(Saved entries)
○ ○ ○ ○ ○

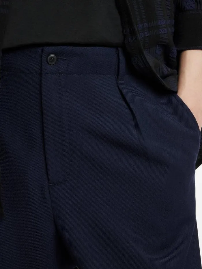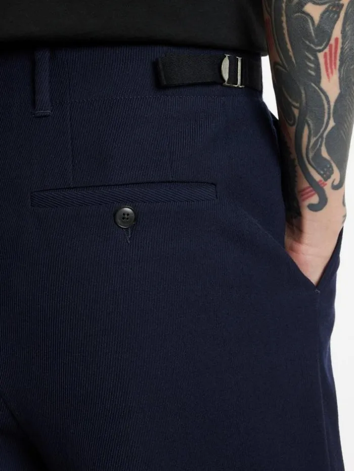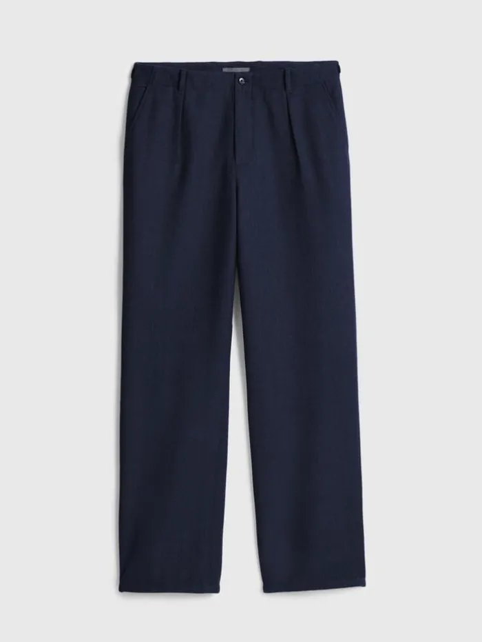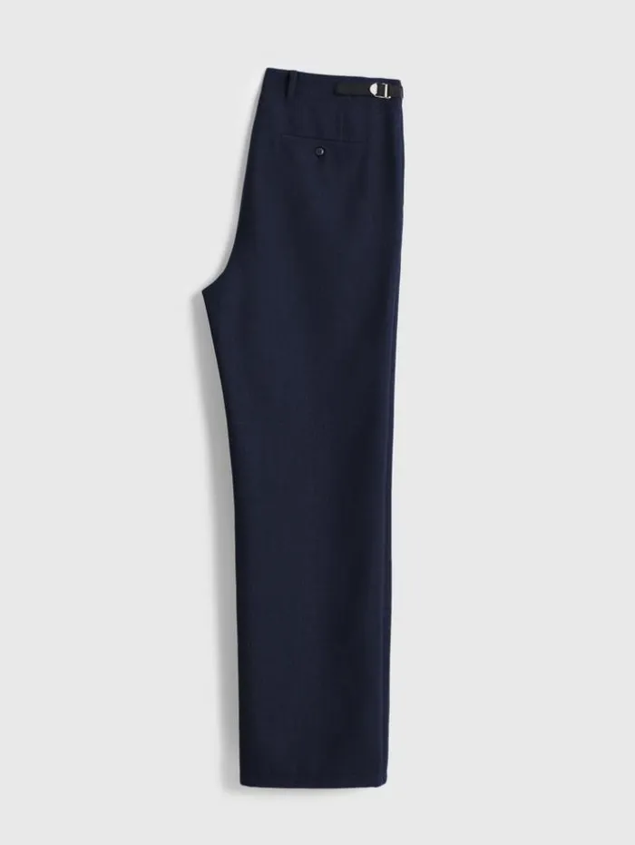 The Ely Pants are a new addition to our collection. Understated, they provide a relaxed yet elegant appeal. With a belted waist for extra shaping where needed, we’re tucking in a band tee to achieve the full look. 53% Recycled Polyester, 43% Wool, 4% Elastane Dry Clean OnlyRelaxed Fit Belted Waistband Button ClosureMeasurements: Waist: 17.125″, Inseam: 31.5″, Leg Opening: 9.625″
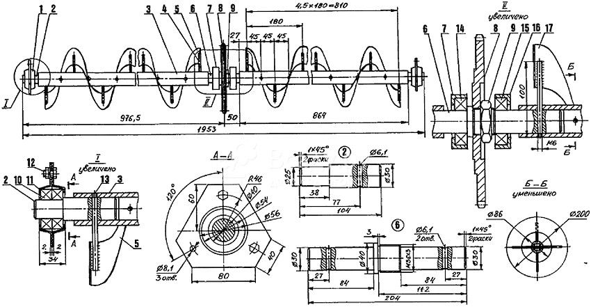 Sniego pūstuvo sraigto mechanizmas: 1, 11 - galinio guolio korpuso pusės (plienas, lakštas s2, 4 vnt.); 2 - galinė ašis (plienas, strypas d30, 2 vnt.); 3 - sraigtinis velenas (plienas, vamzdis 42x6,5, 2 vnt.); 4,13 - smeigės MB (plieninės, strypas d6, 36 vnt.); 5, 17 - varžtai (plienas, lakštas s2); 6 - centrinė ašis (plienas, strypas d40); 7, 16 - centriniai guolių korpusai; 8 - žvaigždutė (z = 36, t = 19,05); 9 - veržlė М36х3; 10 - guolis 160205 (4 vnt.); 12 - varžtas М8 (6 vnt.); 14, 15 - guoliai 236205
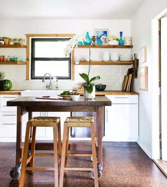 超小空间的厨房攻略二:白色提升空间亮度 + 移动小桌比柜子更灵活 + 挂篮不能少
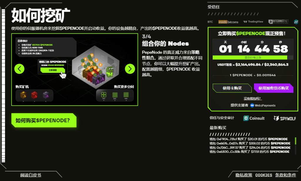 PepeNode将加密货币挖矿转化为一个简单的挖矿赚取 (M2E) 游戏,并不需要硬件。只需登录,获取虚拟节点,堆迭矿机,并开始在顶级表现的迷因币中赚取奖励。
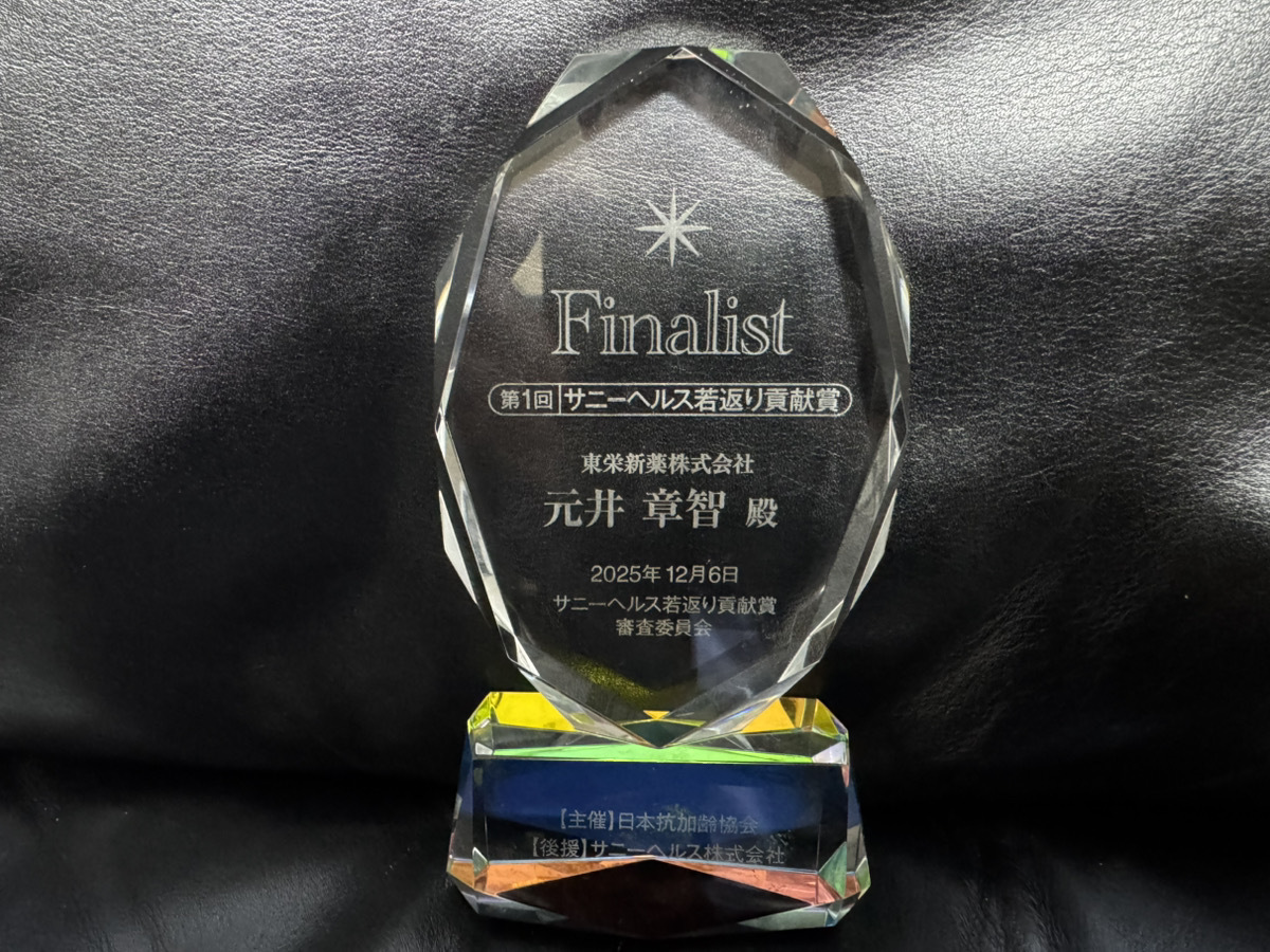 東栄新薬株式会社(所在地:東京都三鷹市、代表取締役:元井 章智)は、2025年12月6日に日本抗加齢協会学術フォーラム内にて、露地栽培アガリクスKA21の優位性とエビデンスなどをプレゼンテーションし、最終審査の結果、第1回サニーヘルス若返り貢献賞 優秀賞を受賞しました。
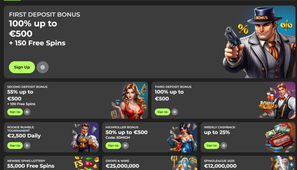 The bonus system is both generous and diverse. Players benefit from weekly cashback deals on net losses, high roller perks for larger deposits, and a friend referral incentive worth up to €350. These extras significantly enhance play value and help extend bankroll longevity for regular participants.
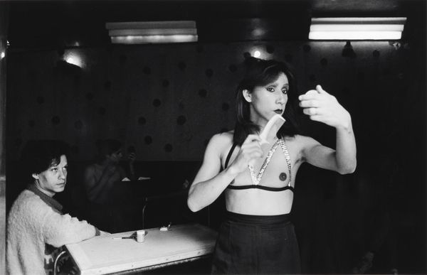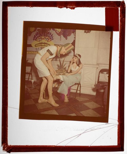 Curator: Bill Dane's "Untitled (S. F.)" presents us with a fascinating interplay of light and shadow, captured on a modest 12.5 x 17.6 cm sheet. Editor: The initial impression is unsettling. The high contrast and theatrical poses evoke a sense of underlying social tension. Curator: Indeed, the composition directs our gaze through a geometric backdrop, juxtaposing rigid lines with the figures' expressive gestures. Semiotically, the starkness emphasizes the interplay between form and emotion. Editor: I see it as a commentary on societal constraints and the performance of identity. The figures seem trapped within this artificial construct, their exaggerated expressions hinting at suppressed anxieties. Curator: Perhaps. Though one cannot deny Dane’s mastery in orchestrating the visual elements to create such a compelling image. Editor: Absolutely, and the image's strength lies in its ability to spark discourse about representation. Curator: A work that continues to challenge our perceptions of art. Editor: And its role in reflecting our anxieties.

○ ○ ○ ○ ○

__Requirement__. Exact copies of all the entries, without any pictures, are what the answer must contain.

__Response__.
 The Ely Pants are a new addition to our collection. Understated, they provide a relaxed yet elegant appeal. With a belted waist for extra shaping where needed, we’re tucking in a band tee to achieve the full look. 53% Recycled Polyester, 43% Wool, 4% Elastane Dry Clean OnlyRelaxed Fit Belted Waistband Button ClosureMeasurements: Waist: 17.125″, Inseam: 31.5″, Leg Opening: 9.625″
 Sniego pūstuvo sraigto mechanizmas: 1, 11 - galinio guolio korpuso pusės (plienas, lakštas s2, 4 vnt.); 2 - galinė ašis (plienas, strypas d30, 2 vnt.); 3 - sraigtinis velenas (plienas, vamzdis 42x6,5, 2 vnt.); 4,13 - smeigės MB (plieninės, strypas d6, 36 vnt.); 5, 17 - varžtai (plienas, lakštas s2); 6 - centrinė ašis (plienas, strypas d40); 7, 16 - centriniai guolių korpusai; 8 - žvaigždutė (z = 36, t = 19,05); 9 - veržlė М36х3; 10 - guolis 160205 (4 vnt.); 12 - varžtas М8 (6 vnt.); 14, 15 - guoliai 236205
 超小空间的厨房攻略二:白色提升空间亮度 + 移动小桌比柜子更灵活 + 挂篮不能少
 PepeNode将加密货币挖矿转化为一个简单的挖矿赚取 (M2E) 游戏,并不需要硬件。只需登录,获取虚拟节点,堆迭矿机,并开始在顶级表现的迷因币中赚取奖励。
 東栄新薬株式会社(所在地:東京都三鷹市、代表取締役:元井 章智)は、2025年12月6日に日本抗加齢協会学術フォーラム内にて、露地栽培アガリクスKA21の優位性とエビデンスなどをプレゼンテーションし、最終審査の結果、第1回サニーヘルス若返り貢献賞 優秀賞を受賞しました。
 The bonus system is both generous and diverse. Players benefit from weekly cashback deals on net losses, high roller perks for larger deposits, and a friend referral incentive worth up to €350. These extras significantly enhance play value and help extend bankroll longevity for regular participants.
 Curator: Bill Dane's "Untitled (S. F.)" presents us with a fascinating interplay of light and shadow, captured on a modest 12.5 x 17.6 cm sheet. Editor: The initial impression is unsettling. The high contrast and theatrical poses evoke a sense of underlying social tension. Curator: Indeed, the composition directs our gaze through a geometric backdrop, juxtaposing rigid lines with the figures' expressive gestures. Semiotically, the starkness emphasizes the interplay between form and emotion. Editor: I see it as a commentary on societal constraints and the performance of identity. The figures seem trapped within this artificial construct, their exaggerated expressions hinting at suppressed anxieties. Curator: Perhaps. Though one cannot deny Dane’s mastery in orchestrating the visual elements to create such a compelling image. Editor: Absolutely, and the image's strength lies in its ability to spark discourse about representation. Curator: A work that continues to challenge our perceptions of art. Editor: And its role in reflecting our anxieties.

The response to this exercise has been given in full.